His grandfather died early the following morning. A nurse rang David at the motel. He immediately called London and told his friends – he needed to hear some friendly voices. Then he called his office and extended his ‘holiday’ by a few days, on the grounds of bereavement.

Even then his boss in London sounded a little sniffy, as it was ‘only’ David’s grandfather. ‘We are very busy, David, so this is exceptionally tiresome. Do be quick.’

The service was in a soulless crematorium, in another exurb of Phoenix. Tempe. And David was the only real mourner in the building. Two nurses from the hospice showed up, and that was it. No one else was invited. David already knew he had no other family in America – or anywhere for that matter – but having his relative loneliness underscored like this, felt notably harsh – indeed cruel. But he had no choice in the matter. So David and the two nurses sat there, together and alone, and exposed.

The ceremony was equally austere: at his grandfather’s request there were no readings, there was nothing – except for a CD of discordant and exotic guitar music, presumably chosen by his grandfather.

When the song was done, the coffin trundled abruptly into the flames. David felt the briskness like a punch.
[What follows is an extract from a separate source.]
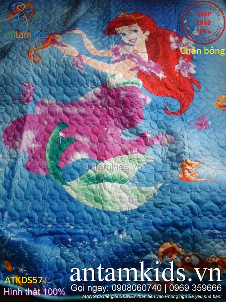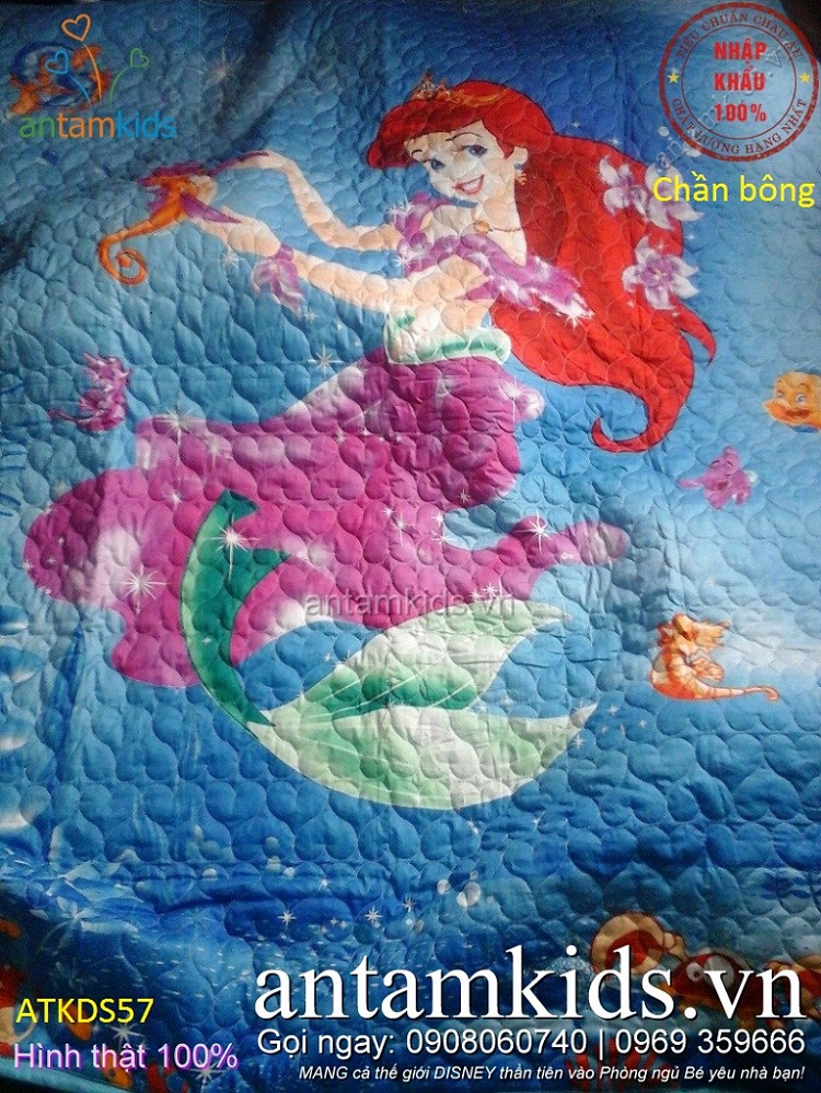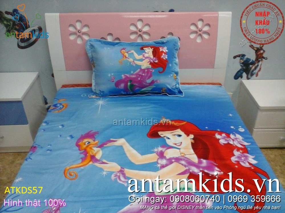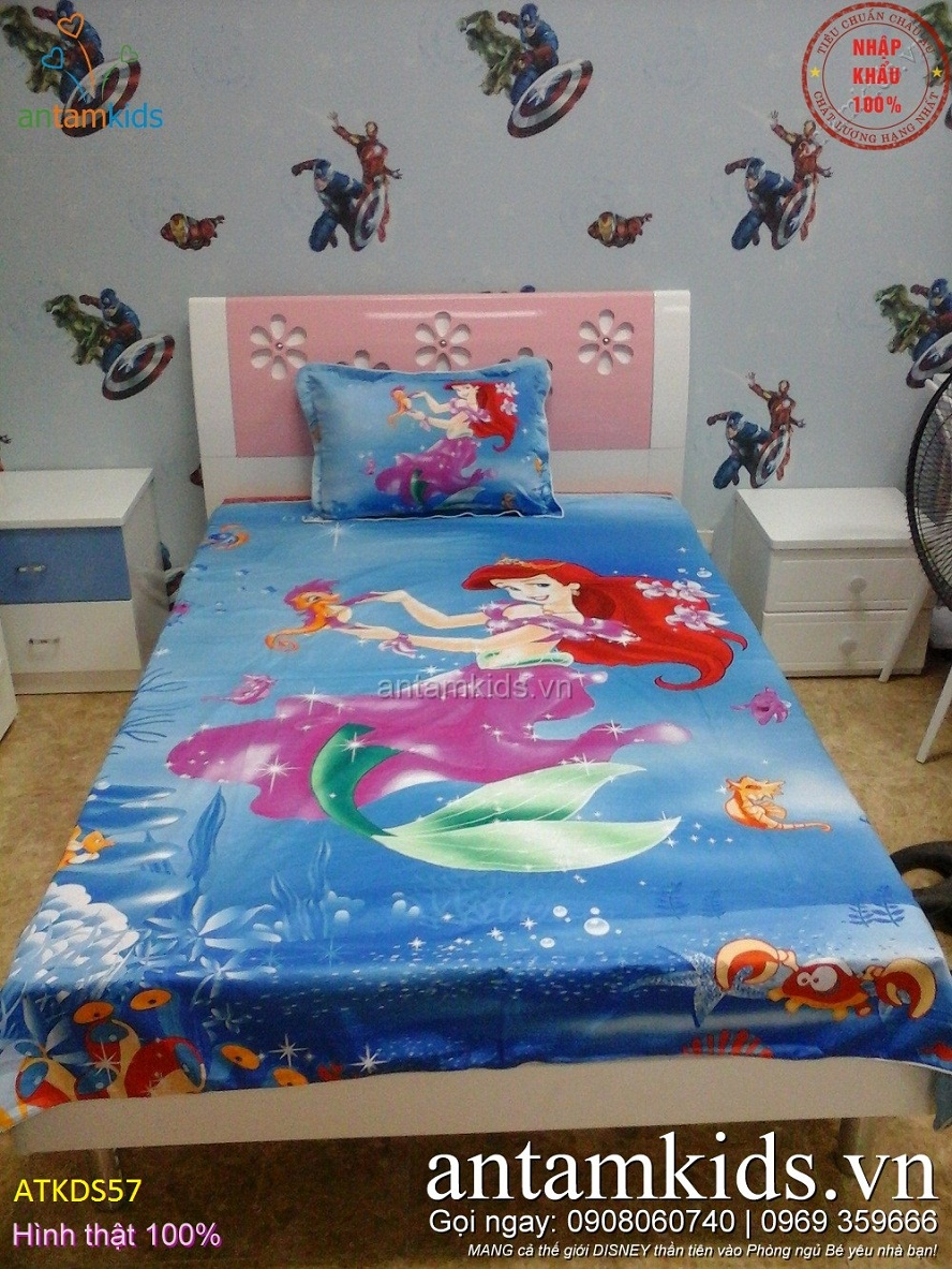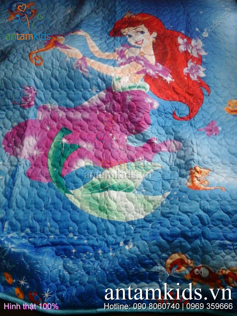 Chăn ra gối nàng Tiên cá màu Xanh dương cực dễ thương cho bé gái ATKDS57

It was as if the old man had been quick to get off stage, eager to flee this life – or keen to be relieved of some burden.

That afternoon David drove deep into the desert, seeking the most remote location, as if he could lose his sadness in the wasteland. Under an ominously stormy sky, he scattered the ashes between the prickly pears and the crucifixion thorns. He stood for a minute and watched the ashes disperse, then walked to his car. As he returned to the city, the first fat raindrops smacked the windscreen; by the time he reached his motel a real desert storm had kicked up – jagged arcs of lightning volting between the black and evil clouds.

His flight was looming. He began to pack. And then the motel phone trilled. His ex girlfriend maybe? She’d been calling on and off the last couple of days: trying to elevate David’s mood. Being a good friend.

David reached for the phone and answered.

‘Uh-huh?’

It wasn’t his ex. It was a breezy American accent.

‘David Martinez? Frank Antonescu…’

‘Uh…hello.’

‘I’m your grandfather’s lawyer! First of all, can I say – I’m so sorry to hear of your bereavement.’